• Work task:
Transcribe nothing except the lines below that run from the one with "아무래도 해물이 많이" to the one with "据瓦罗兰特外网推主Valor", ends included, and do not copy any picture.

• Available records:
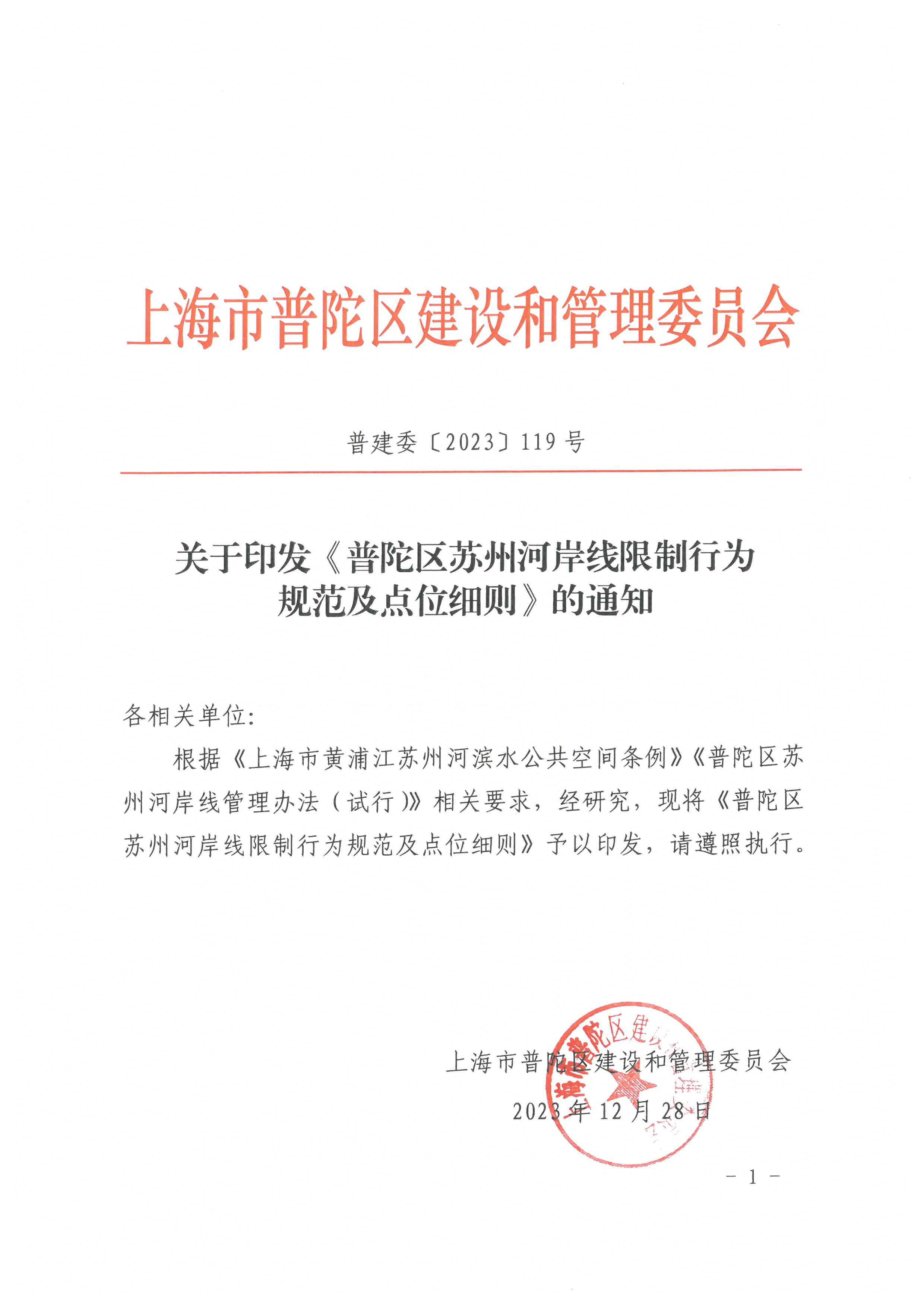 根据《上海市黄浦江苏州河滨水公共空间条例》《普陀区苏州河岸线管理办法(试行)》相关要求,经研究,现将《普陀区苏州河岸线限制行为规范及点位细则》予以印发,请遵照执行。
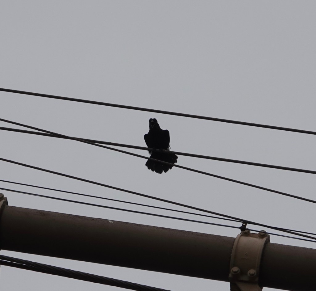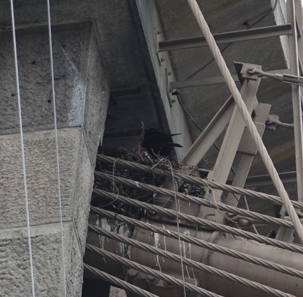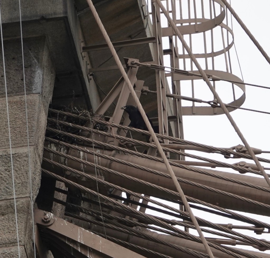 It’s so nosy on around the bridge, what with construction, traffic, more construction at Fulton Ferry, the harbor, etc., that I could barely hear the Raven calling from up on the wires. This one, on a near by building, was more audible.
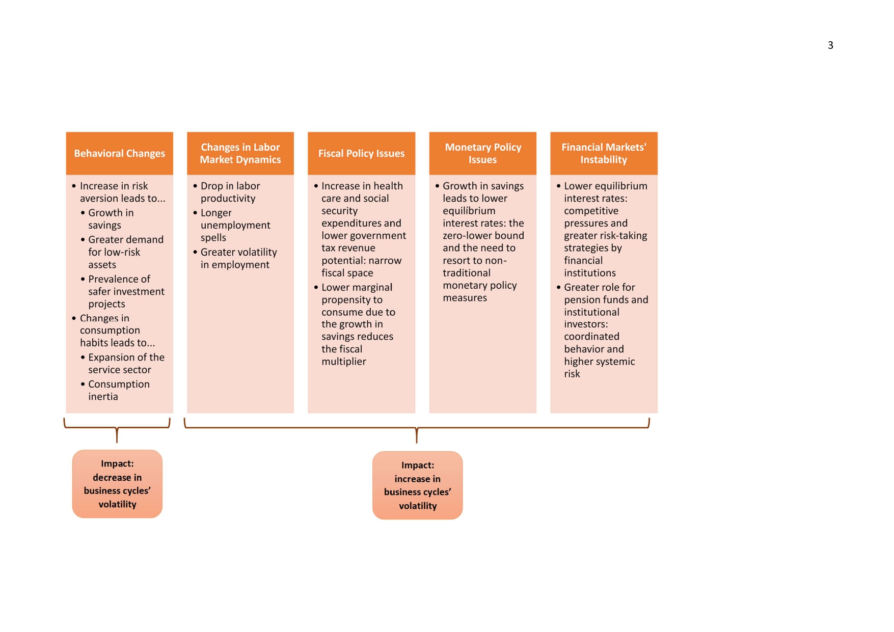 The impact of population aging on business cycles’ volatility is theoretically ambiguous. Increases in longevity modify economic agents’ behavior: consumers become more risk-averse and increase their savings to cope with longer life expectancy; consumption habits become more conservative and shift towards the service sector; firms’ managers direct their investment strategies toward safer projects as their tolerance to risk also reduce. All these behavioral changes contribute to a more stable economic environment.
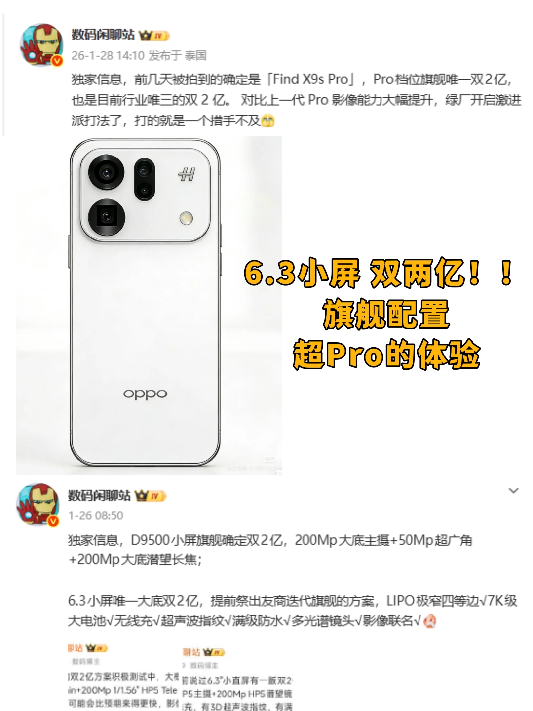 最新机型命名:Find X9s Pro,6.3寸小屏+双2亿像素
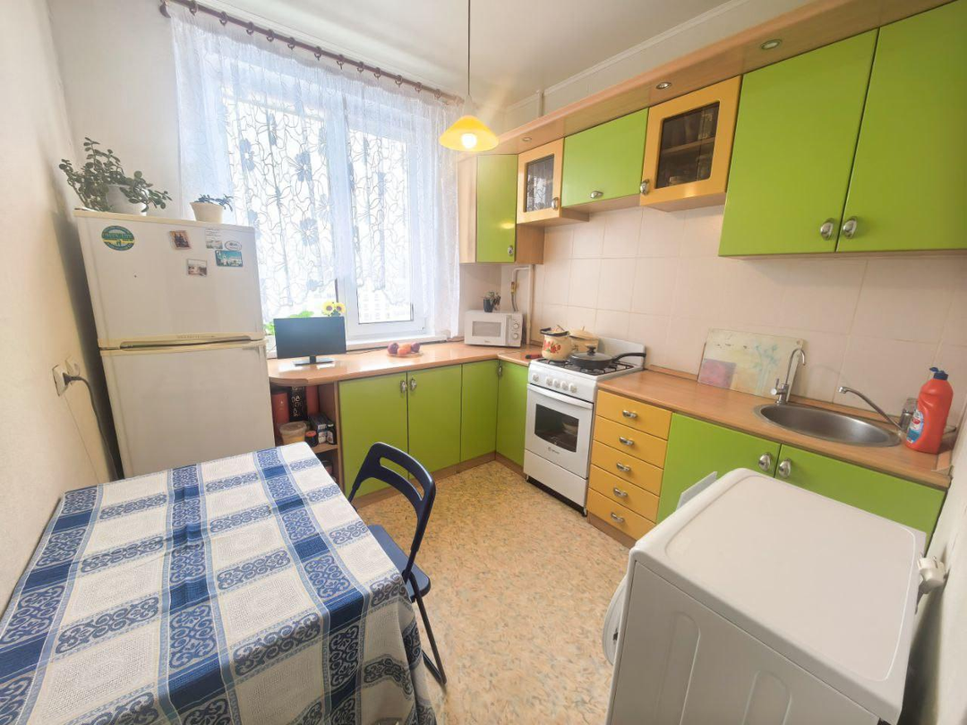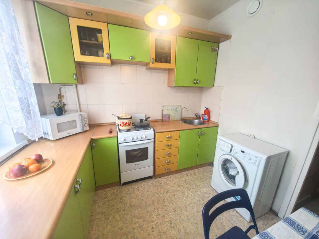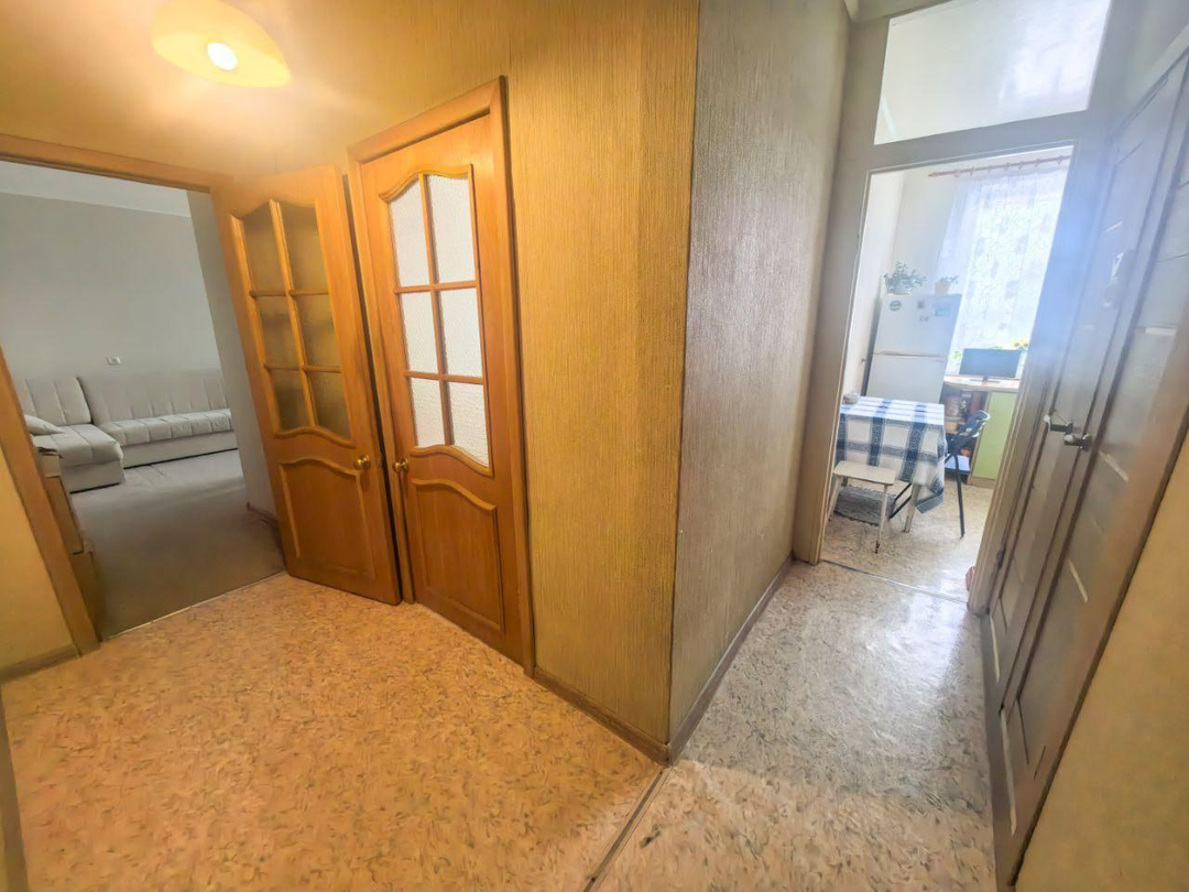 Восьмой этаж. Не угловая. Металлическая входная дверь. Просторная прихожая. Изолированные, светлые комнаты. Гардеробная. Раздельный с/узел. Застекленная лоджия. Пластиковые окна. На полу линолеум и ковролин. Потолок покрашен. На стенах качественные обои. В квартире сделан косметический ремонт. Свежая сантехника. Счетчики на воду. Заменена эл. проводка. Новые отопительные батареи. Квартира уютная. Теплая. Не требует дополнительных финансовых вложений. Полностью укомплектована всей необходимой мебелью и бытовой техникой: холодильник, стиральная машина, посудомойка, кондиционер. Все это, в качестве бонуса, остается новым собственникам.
---
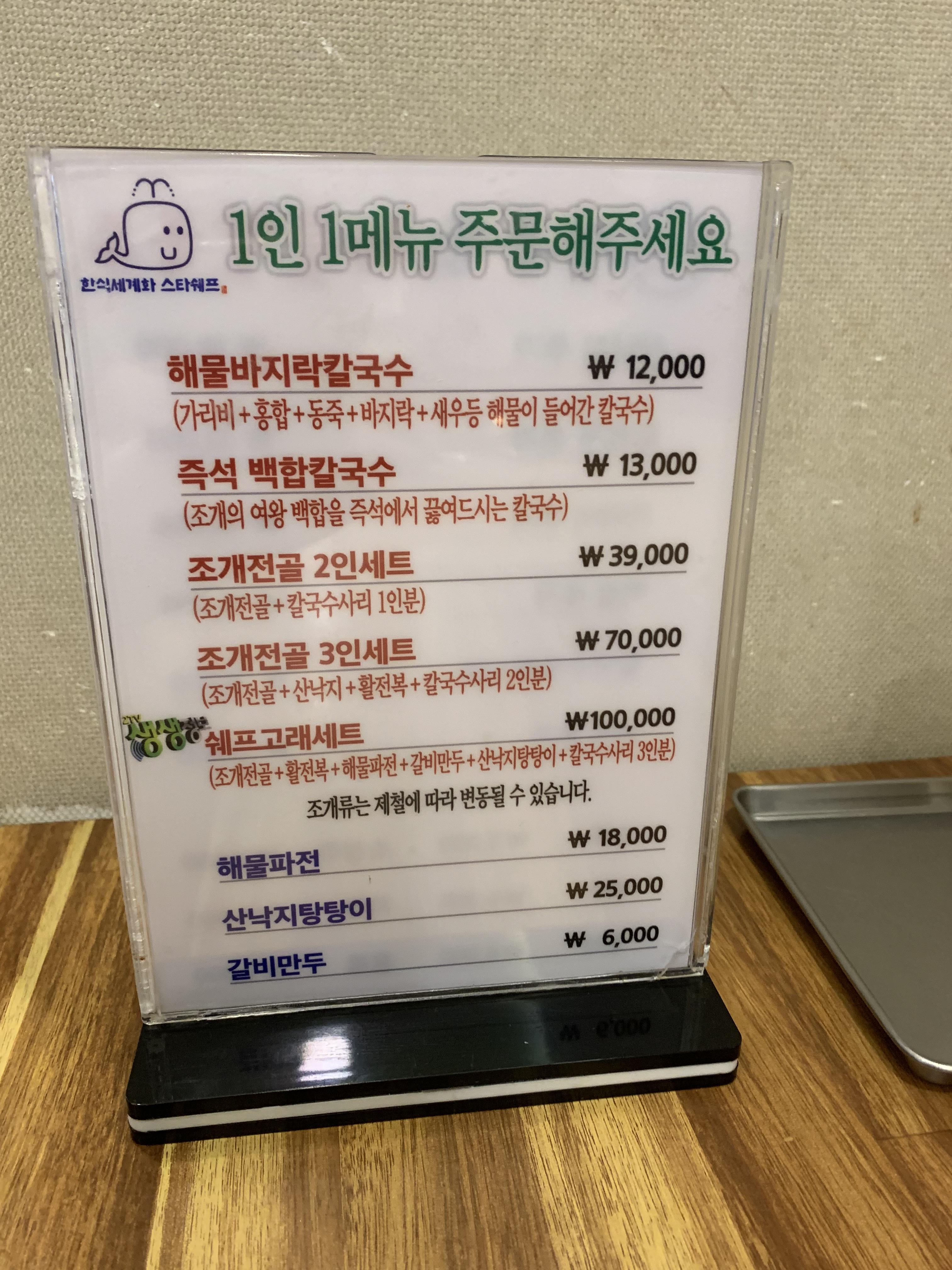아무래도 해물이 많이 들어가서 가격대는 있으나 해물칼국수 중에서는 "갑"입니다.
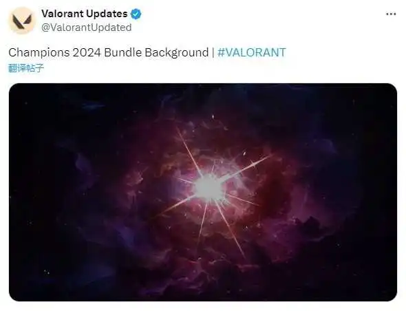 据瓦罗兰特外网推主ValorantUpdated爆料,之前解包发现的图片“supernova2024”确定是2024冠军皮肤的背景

• Solution for this problem:
아무래도 해물이 많이 들어가서 가격대는 있으나 해물칼국수 중에서는 "갑"입니다.
 据瓦罗兰特外网推主ValorantUpdated爆料,之前解包发现的图片“supernova2024”确定是2024冠军皮肤的背景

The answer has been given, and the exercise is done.